_Material provided:_
........

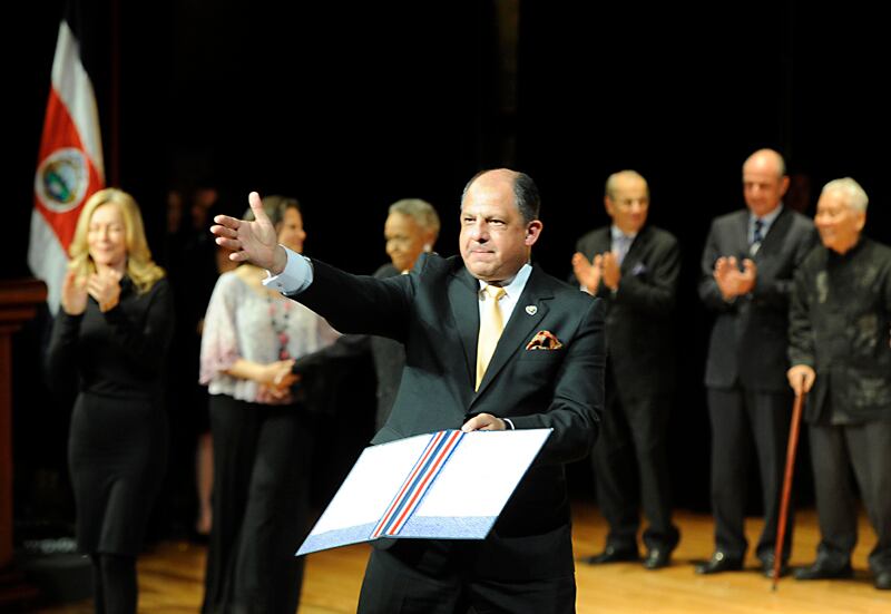 El presidente Solís muestra el decreto de reforma constitucional a invitados de diversas etnias que llegaron al Teatro Nacional. | GRACIELA SOLÍS (Jose_Diaz)
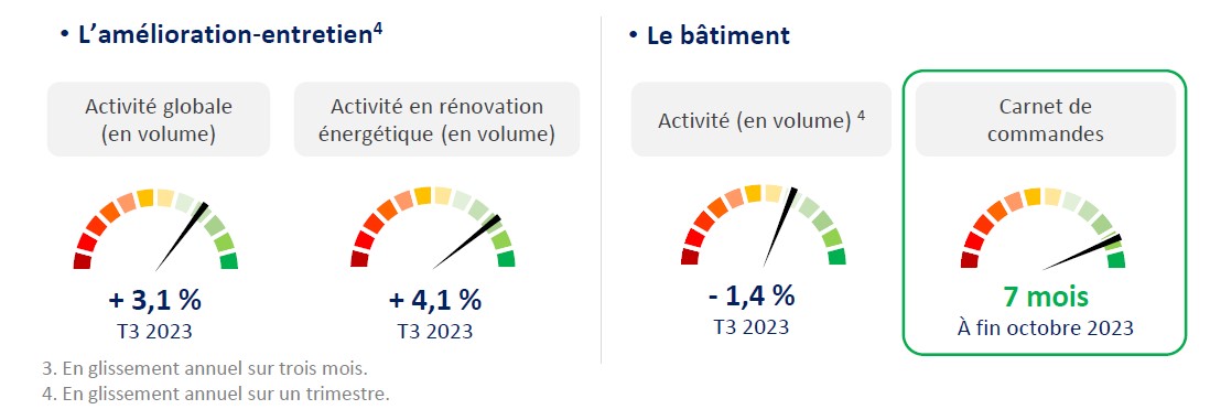 Globalement, l’activité bâtiment commence à se contracter, à -1,4 % au troisième trimestre 2023 sur un an, mais bénéficiera dans les prochains mois de carnets de commandes encore à bon niveau, aux environs de 7 mois en moyenne à fin octobre 2023 pour éviter le décrochage brutal. Ils s'érodent toutefois, annonçant une année 2024 clairement baissière.
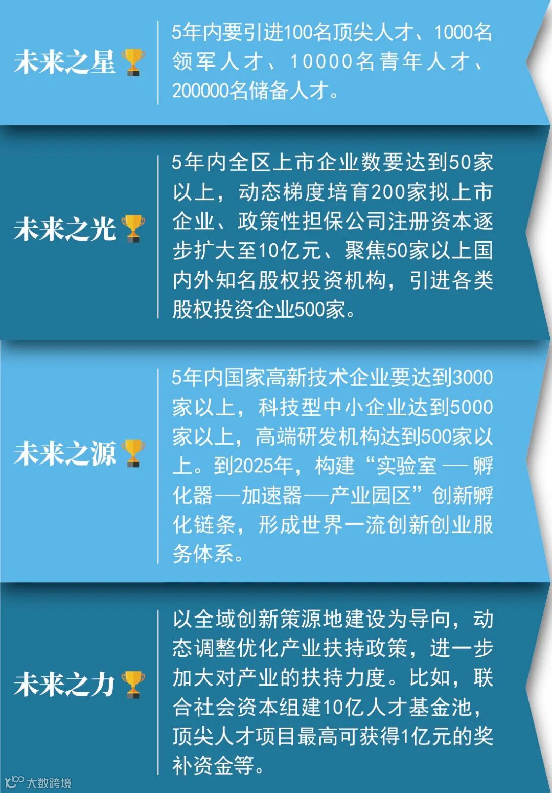 据了解,“翱翔计划”分为“未来之星”“未来之光”“未来之源”和“未来之力”四部分,涵盖了人才引育、金融服务、产业扶持、大孵化器建设等服务创新发展的多项具体措施。

........

Without including any picture, output all the material exactly as it appears.

_Answer section:_
 El presidente Solís muestra el decreto de reforma constitucional a invitados de diversas etnias que llegaron al Teatro Nacional. | GRACIELA SOLÍS (Jose_Diaz)
 Globalement, l’activité bâtiment commence à se contracter, à -1,4 % au troisième trimestre 2023 sur un an, mais bénéficiera dans les prochains mois de carnets de commandes encore à bon niveau, aux environs de 7 mois en moyenne à fin octobre 2023 pour éviter le décrochage brutal. Ils s'érodent toutefois, annonçant une année 2024 clairement baissière.
 据了解,“翱翔计划”分为“未来之星”“未来之光”“未来之源”和“未来之力”四部分,涵盖了人才引育、金融服务、产业扶持、大孵化器建设等服务创新发展的多项具体措施。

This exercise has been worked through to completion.